And China presents another challenge. Historically it was a net importer of aluminium, but the combination of China’s increasing production capacity and its government-led push to hit new environmental targets is shaking up the industry.
“Now we see production capacity being halted, production capacity being forced to close down if licences aren’t in place, environmental targets enforced and also communicated ambition to be carbon neutral by 2060,” says Kildemo.
On the environmental front, the production process of aluminium is undergoing a dramatic shift, from one that was traditionally coal-intensive toward new “greener” production. This is a key to Norsk Hydro’s entire business, which uses hydroelectricity rather than coal to produce aluminium.
As Kildemo explains, the average aluminium producer emits around 16 or 17 tonnes of carbon dioxide per tonne of produced aluminium. By comparison, Norsk Hydro emits around 4 tonnes – or less – of CO2 per tonne of aluminium. Environmental considerations are rapidly becoming a differentiator, which is something Kildemo believes the company is ideally placed to capitalise on.
“We’re heavily focused on new technologies to produce carbon-free aluminium. Another reason we’re positive on this is that consumers are willing to pay an extra premium for greener products, as we’ve seen in recent years,” Kildemo says.
Where is aluminium used?
The transport and construction sectors are the two largest consumers of aluminium, alongside packaging, electrical, consumer durables and industrial machinery and equipment.
In automotive, some of the largest users of aluminium include the likes of BMW, Mercedes and Peugeot, which all use Norsk Hydro aluminium.

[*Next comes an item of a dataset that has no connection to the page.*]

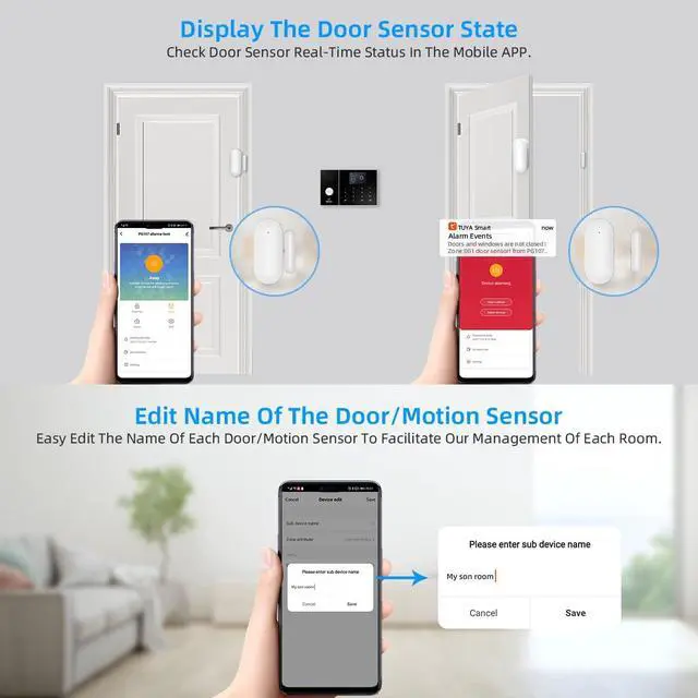 Powerful and Compatible with Other Monitoring AccessoriesWiFi network alarm, support APP Push to ensure stable alarm performance. They are comprehensive and can easily be used at home on the details you want to monitor. you can add door sensor, infrared, buttons and SOS buttons as you like. Support multiple alarm settings such as front door, entrance, emergency, bedroom, window, etc.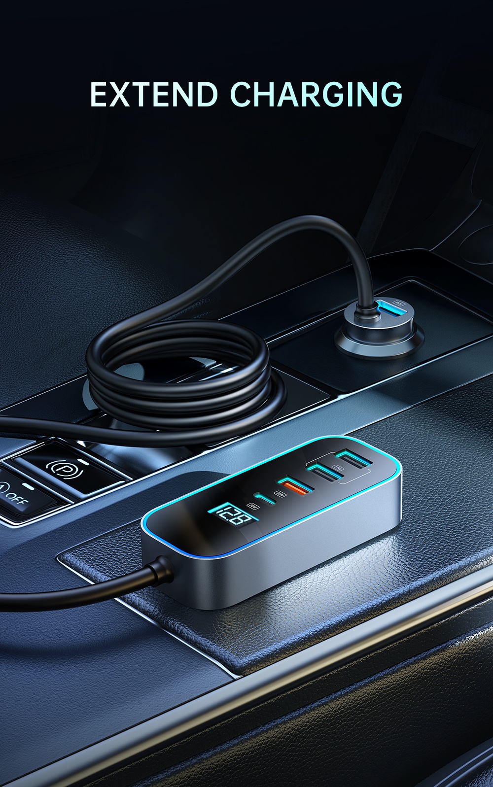 Khác với các loại tẩu sạc truyền thống chỉ nằm ở taplo, Mcdodo CC-190 bao gồm 2 phần được nối với nhau bằng dây cáp dài 1.5 mét:

Considerations about carbon intensity are increasingly weighing on corporate decision-making within these industries.
In addition to the regulatory changes being introduced in various countries, including the implementation of carbon taxes, consumers are also increasingly prepared to pay a premium for cleaner products.
Kildemo points out three pathways to low and zero-carbon in aluminium production:
- Recycled or “post-consumer” aluminium scrap. Using 100% recycled scrap together with hydrogen instead of gas in the recycling process.
- At the smelting stage, HalZero technology is a carbon-free process that uses chlorine instead of carbon.
- Also in smelting, carbon capture can be implemented in existing aluminium smelters.
“We define our aluminium metal operations as sustain and improve. Maintain the position on the cost curve, provide greener aluminium,” he says.
“And then if we see that we are able to break through on the low or near zero carbon aluminium production, then we will consider if we should start reinvesting in production of aluminium again.”
What’s the outlook for aluminium?
Most commodity analysts expect the market to remain tight for the next few years, but from 2025 onward see an undersupply of aluminium.
“Moving beyond this period, if you don’t get more capacity coming in, even with the increased amount of recycling and producers digging deeper and deeper into the scrap pile, this can extend even further,” says Kildemo.
“Compared to a couple of years ago, the general outlook now is for tighter markets for the coming years, unless we have some form of a demand shock.”
The future for Norsk Hydro
Citing a range of factors, including “self-improvements” that have ensured its costs have remained relatively low, ongoing demand strength, and greater emphasis on environmental sustainability, Kildemo believes Nork Hydro’s future looks bright.
“Many of the biggest milestones related to us succeeding in many of the sustainability ambitions we’ve set. Being able to produce zero-emission products within the timeframe that we’ve set is something we’re really looking forward to.”